▶ [Records contained in a dataset]:
———

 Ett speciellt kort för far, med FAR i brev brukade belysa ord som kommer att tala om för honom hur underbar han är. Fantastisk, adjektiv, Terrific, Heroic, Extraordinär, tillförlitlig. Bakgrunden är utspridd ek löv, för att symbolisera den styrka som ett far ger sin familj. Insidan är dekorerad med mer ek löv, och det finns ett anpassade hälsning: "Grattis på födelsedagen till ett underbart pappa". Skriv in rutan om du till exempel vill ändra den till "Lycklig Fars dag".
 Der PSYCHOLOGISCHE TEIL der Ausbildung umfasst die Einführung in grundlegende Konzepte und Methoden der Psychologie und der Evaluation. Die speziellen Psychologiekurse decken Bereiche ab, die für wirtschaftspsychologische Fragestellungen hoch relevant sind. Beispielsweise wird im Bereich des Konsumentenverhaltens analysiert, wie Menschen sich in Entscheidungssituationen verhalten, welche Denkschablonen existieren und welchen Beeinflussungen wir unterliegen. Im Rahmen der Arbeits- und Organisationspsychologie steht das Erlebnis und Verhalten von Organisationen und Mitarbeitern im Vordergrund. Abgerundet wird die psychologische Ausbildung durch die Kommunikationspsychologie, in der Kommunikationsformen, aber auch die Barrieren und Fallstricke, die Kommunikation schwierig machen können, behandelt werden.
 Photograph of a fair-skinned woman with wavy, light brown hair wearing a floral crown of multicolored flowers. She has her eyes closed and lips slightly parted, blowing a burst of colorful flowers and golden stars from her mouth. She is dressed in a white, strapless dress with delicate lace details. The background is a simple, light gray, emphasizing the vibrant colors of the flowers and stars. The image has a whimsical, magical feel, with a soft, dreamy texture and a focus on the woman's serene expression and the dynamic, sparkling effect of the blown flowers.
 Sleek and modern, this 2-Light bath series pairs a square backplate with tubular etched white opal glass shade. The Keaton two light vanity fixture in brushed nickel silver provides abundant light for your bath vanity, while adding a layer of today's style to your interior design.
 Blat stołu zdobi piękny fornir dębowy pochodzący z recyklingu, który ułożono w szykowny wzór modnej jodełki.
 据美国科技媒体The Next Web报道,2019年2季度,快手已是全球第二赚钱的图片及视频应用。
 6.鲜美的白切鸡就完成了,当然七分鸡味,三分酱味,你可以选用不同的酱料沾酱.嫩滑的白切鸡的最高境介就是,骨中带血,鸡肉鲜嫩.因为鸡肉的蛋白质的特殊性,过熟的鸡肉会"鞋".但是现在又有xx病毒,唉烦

———

▶ [Assignment]: Each line above is to be reproduced exactly.

▶ [Exercise result]:
 Ett speciellt kort för far, med FAR i brev brukade belysa ord som kommer att tala om för honom hur underbar han är. Fantastisk, adjektiv, Terrific, Heroic, Extraordinär, tillförlitlig. Bakgrunden är utspridd ek löv, för att symbolisera den styrka som ett far ger sin familj. Insidan är dekorerad med mer ek löv, och det finns ett anpassade hälsning: "Grattis på födelsedagen till ett underbart pappa". Skriv in rutan om du till exempel vill ändra den till "Lycklig Fars dag".
 Der PSYCHOLOGISCHE TEIL der Ausbildung umfasst die Einführung in grundlegende Konzepte und Methoden der Psychologie und der Evaluation. Die speziellen Psychologiekurse decken Bereiche ab, die für wirtschaftspsychologische Fragestellungen hoch relevant sind. Beispielsweise wird im Bereich des Konsumentenverhaltens analysiert, wie Menschen sich in Entscheidungssituationen verhalten, welche Denkschablonen existieren und welchen Beeinflussungen wir unterliegen. Im Rahmen der Arbeits- und Organisationspsychologie steht das Erlebnis und Verhalten von Organisationen und Mitarbeitern im Vordergrund. Abgerundet wird die psychologische Ausbildung durch die Kommunikationspsychologie, in der Kommunikationsformen, aber auch die Barrieren und Fallstricke, die Kommunikation schwierig machen können, behandelt werden.
 Photograph of a fair-skinned woman with wavy, light brown hair wearing a floral crown of multicolored flowers. She has her eyes closed and lips slightly parted, blowing a burst of colorful flowers and golden stars from her mouth. She is dressed in a white, strapless dress with delicate lace details. The background is a simple, light gray, emphasizing the vibrant colors of the flowers and stars. The image has a whimsical, magical feel, with a soft, dreamy texture and a focus on the woman's serene expression and the dynamic, sparkling effect of the blown flowers.
 Sleek and modern, this 2-Light bath series pairs a square backplate with tubular etched white opal glass shade. The Keaton two light vanity fixture in brushed nickel silver provides abundant light for your bath vanity, while adding a layer of today's style to your interior design.
 Blat stołu zdobi piękny fornir dębowy pochodzący z recyklingu, który ułożono w szykowny wzór modnej jodełki.
 据美国科技媒体The Next Web报道,2019年2季度,快手已是全球第二赚钱的图片及视频应用。
 6.鲜美的白切鸡就完成了,当然七分鸡味,三分酱味,你可以选用不同的酱料沾酱.嫩滑的白切鸡的最高境介就是,骨中带血,鸡肉鲜嫩.因为鸡肉的蛋白质的特殊性,过熟的鸡肉会"鞋".但是现在又有xx病毒,唉烦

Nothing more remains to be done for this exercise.